Copy the data exactly. Images are to be left out.

● Data extract:
========

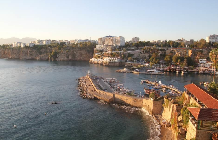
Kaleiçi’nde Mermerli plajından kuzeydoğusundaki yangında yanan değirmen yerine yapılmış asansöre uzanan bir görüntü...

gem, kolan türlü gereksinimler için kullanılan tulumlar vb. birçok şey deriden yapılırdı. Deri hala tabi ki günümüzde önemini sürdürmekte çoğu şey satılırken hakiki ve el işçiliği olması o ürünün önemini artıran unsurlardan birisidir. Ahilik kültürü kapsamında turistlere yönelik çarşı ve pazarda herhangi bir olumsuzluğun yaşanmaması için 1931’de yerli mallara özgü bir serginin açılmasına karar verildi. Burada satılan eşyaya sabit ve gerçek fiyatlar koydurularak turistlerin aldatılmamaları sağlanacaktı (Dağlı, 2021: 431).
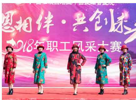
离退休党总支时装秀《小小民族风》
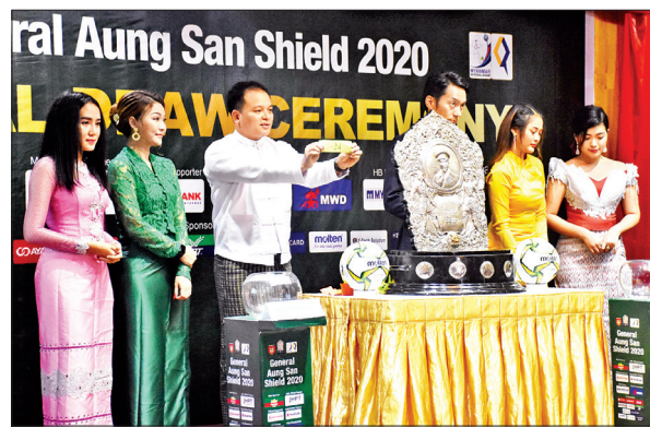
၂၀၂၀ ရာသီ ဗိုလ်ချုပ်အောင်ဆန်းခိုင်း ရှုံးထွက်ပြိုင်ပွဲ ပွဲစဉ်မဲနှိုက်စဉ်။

========

● Solution to this task:
Kaleiçi’nde Mermerli plajından kuzeydoğusundaki yangında yanan değirmen yerine yapılmış asansöre uzanan bir görüntü...

gem, kolan türlü gereksinimler için kullanılan tulumlar vb. birçok şey deriden yapılırdı. Deri hala tabi ki günümüzde önemini sürdürmekte çoğu şey satılırken hakiki ve el işçiliği olması o ürünün önemini artıran unsurlardan birisidir. Ahilik kültürü kapsamında turistlere yönelik çarşı ve pazarda herhangi bir olumsuzluğun yaşanmaması için 1931’de yerli mallara özgü bir serginin açılmasına karar verildi. Burada satılan eşyaya sabit ve gerçek fiyatlar koydurularak turistlerin aldatılmamaları sağlanacaktı (Dağlı, 2021: 431).
离退休党总支时装秀《小小民族风》
၂၀၂၀ ရာသီ ဗိုလ်ချုပ်အောင်ဆန်းခိုင်း ရှုံးထွက်ပြိုင်ပွဲ ပွဲစဉ်မဲနှိုက်စဉ်။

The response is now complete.